Ive gotten several e-mails about the time the doors will open on 
Friday evening. The doors will open at 5:00p.m. We will have complimentary mixed drinks and beer as well as a fried fish dinner.


----------



## 10gajimmie (Apr 28, 2010)

Can't wait! Free beer and food,I'm in. HAPPY HAPPY HAPPY !!!!!!


----------



## Shrine Daddy (Apr 11, 2013)

*Early Bird*

Get your registration in by May 3rd and enter to win a Yeti cooler with gear inside.. As the previous post stated dont forget to get down Friday night for free food, and beverages to all paid fisherman and ten bucks for non fisherman.


----------



## RudyTxDeer (May 5, 2008)

Where will the weigh-in be held and will anything else be going on saturday?


----------



## RudyTxDeer (May 5, 2008)

I forgot to ask if there is an early bird entry drawing.


----------



## Shrine Daddy (Apr 11, 2013)

*Weigh in*

Weigh in will be at the Matagorda Harbor on Saturday May 18th.

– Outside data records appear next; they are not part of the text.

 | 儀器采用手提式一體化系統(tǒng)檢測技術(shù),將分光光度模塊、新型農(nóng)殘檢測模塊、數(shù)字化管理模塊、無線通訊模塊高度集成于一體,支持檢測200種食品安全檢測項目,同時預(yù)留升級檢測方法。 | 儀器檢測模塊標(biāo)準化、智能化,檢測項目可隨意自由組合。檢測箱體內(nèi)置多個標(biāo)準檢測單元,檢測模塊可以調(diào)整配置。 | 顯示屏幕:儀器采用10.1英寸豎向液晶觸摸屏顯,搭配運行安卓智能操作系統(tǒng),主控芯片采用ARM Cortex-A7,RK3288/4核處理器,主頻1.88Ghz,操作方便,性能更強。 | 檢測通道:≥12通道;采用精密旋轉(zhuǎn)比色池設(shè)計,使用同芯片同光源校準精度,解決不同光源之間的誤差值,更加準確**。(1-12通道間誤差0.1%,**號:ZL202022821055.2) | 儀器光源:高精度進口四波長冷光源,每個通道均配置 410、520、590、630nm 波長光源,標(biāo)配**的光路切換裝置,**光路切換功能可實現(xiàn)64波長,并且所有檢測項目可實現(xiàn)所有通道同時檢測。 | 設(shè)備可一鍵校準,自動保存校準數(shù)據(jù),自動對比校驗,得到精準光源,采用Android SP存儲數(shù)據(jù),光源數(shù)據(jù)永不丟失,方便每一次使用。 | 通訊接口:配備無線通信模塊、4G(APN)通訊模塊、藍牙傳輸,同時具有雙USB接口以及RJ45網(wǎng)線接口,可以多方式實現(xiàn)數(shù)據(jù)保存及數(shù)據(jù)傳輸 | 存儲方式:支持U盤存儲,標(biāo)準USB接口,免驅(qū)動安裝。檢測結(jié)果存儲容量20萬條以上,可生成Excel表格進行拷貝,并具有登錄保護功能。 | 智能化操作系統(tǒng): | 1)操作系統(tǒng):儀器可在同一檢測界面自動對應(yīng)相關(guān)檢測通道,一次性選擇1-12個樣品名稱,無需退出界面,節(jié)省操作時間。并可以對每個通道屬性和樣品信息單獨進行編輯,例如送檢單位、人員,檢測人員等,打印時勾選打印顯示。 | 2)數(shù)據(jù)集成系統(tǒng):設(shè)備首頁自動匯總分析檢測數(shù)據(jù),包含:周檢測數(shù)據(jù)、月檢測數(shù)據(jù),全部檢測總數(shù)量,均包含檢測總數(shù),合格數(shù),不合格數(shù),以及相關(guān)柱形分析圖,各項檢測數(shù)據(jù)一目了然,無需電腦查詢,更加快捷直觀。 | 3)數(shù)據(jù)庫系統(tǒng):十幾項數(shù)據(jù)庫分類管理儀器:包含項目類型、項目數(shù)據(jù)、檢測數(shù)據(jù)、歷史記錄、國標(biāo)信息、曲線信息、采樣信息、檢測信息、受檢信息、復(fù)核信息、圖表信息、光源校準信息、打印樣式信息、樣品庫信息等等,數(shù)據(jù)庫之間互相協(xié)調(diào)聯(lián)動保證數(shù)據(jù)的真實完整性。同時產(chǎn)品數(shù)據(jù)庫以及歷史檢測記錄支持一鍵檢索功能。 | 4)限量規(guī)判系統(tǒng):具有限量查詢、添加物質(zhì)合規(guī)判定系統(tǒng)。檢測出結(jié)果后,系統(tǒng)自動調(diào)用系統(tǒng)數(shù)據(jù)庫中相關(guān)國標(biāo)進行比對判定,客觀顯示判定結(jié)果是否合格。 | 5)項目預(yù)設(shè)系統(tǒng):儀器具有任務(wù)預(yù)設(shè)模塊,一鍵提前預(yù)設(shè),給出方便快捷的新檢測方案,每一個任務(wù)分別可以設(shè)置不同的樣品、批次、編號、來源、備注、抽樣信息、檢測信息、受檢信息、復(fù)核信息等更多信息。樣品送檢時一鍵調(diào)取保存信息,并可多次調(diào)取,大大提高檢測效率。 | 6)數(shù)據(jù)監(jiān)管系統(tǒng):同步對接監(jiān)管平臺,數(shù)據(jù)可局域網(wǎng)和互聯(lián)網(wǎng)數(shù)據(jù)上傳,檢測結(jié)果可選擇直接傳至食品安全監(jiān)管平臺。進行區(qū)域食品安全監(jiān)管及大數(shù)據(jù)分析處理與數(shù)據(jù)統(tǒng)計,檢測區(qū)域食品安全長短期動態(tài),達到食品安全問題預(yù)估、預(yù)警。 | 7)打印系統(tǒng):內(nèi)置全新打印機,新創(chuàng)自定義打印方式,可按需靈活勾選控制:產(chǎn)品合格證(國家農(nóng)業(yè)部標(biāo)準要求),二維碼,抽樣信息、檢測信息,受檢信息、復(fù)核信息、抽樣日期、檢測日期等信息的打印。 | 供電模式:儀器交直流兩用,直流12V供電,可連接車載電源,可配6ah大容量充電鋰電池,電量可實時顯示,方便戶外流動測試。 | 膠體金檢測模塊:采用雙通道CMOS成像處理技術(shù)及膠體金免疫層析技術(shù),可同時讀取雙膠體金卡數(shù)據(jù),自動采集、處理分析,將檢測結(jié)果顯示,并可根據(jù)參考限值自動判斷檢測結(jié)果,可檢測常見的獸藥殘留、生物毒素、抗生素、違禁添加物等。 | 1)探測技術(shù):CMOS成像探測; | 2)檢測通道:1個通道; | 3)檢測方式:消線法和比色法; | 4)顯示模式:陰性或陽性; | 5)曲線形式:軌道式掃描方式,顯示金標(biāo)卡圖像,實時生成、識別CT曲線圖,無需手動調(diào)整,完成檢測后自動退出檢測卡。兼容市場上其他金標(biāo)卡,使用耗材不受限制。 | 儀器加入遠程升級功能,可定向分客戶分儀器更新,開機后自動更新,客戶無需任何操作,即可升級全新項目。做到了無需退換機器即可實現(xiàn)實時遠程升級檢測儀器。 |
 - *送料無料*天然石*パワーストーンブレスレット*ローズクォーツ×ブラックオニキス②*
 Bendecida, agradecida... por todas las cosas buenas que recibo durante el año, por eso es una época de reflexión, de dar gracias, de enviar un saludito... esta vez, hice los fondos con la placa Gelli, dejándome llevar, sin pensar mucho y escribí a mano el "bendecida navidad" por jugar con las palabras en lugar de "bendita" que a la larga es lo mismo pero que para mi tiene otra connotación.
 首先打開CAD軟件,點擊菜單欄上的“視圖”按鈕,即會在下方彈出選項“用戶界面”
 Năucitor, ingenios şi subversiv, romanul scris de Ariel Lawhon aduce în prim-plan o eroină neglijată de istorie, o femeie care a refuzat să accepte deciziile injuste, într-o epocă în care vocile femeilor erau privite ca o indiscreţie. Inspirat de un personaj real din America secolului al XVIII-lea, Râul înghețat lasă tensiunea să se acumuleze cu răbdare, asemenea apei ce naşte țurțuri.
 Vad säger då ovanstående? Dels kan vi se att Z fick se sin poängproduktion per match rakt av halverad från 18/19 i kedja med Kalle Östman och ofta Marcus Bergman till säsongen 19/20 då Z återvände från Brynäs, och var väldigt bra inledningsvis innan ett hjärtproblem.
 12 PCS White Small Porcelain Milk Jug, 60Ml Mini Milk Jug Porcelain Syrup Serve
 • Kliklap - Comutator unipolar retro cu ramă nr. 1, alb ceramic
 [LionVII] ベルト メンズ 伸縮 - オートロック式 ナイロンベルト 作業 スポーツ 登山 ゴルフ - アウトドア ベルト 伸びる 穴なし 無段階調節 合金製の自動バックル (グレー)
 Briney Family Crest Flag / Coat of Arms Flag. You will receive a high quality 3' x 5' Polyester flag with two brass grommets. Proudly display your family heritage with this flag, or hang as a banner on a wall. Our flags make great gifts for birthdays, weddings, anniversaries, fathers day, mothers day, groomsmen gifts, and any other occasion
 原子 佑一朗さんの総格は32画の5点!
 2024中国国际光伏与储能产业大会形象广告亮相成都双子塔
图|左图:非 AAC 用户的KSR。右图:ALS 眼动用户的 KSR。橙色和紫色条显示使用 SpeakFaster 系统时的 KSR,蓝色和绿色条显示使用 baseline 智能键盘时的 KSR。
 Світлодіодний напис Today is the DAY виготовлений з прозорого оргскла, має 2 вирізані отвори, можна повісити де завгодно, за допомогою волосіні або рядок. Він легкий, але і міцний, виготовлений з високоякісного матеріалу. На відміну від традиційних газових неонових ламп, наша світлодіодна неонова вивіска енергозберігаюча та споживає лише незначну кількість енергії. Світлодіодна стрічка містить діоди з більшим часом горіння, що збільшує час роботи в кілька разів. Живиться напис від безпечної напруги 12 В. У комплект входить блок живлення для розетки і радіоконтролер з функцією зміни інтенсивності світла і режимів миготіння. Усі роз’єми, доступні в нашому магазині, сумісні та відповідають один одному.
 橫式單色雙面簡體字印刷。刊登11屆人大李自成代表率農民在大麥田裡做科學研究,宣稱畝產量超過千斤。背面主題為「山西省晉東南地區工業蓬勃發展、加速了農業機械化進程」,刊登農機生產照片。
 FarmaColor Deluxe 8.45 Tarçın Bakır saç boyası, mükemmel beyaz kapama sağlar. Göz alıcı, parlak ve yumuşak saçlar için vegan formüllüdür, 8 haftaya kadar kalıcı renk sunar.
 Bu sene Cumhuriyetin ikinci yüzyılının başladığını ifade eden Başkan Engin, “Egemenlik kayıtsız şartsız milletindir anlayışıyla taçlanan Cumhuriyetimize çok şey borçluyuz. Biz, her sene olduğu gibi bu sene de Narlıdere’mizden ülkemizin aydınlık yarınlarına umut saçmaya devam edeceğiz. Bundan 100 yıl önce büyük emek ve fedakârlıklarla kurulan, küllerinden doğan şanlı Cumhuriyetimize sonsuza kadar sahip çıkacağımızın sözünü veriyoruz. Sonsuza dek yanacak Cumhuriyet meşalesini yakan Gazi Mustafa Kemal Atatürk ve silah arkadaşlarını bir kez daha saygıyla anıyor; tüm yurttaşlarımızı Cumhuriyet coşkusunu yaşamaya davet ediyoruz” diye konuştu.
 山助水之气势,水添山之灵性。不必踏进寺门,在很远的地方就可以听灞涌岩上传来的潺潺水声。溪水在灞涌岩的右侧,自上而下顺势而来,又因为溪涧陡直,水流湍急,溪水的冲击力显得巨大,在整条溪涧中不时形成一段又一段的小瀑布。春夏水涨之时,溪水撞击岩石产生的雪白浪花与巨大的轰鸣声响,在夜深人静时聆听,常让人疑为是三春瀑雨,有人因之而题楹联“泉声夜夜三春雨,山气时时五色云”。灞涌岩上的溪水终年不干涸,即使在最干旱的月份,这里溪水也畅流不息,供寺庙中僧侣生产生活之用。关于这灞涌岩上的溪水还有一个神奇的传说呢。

One of our sponsors Harbor America will be cooking up some finger style food while he weigh in is going on. And yes, as mentioned before if you send in your registration by May 3rd you will be entered into a early bird drawing for a Yeti cooler and some gear.


----------



## Shrine Daddy (Apr 11, 2013)

Early bird raffle: Remember that all entries must be in by May 3rd for the early bird raffle. As long as they are stamped by the third we will except them.


----------



## Shrine Daddy (Apr 11, 2013)

Remember you can register for our tournament online at www.shrinesports.com We have had several calls this week about how to sign up. Also check out this years tournament shirt on facebook. Go to the above address and click on the Facebook link.


----------



## Mataytx (May 18, 2013)

*Cluster*

Did anyone attend this event this weekend in Matagorda???


----------



## Mataytx (May 18, 2013)

*I guess no body showed up, it's what I hear.*

.


----------



## Shrine Daddy (Apr 11, 2013)

We had 48 teams show up this year. We would like to thank everyone that came out to support us. We will post all of the winners in the next couple of days.


----------



## Mataytx (May 18, 2013)

How are those results coming?? How did that big Calcutta go?


----------



## Mataytx (May 18, 2013)

.


----------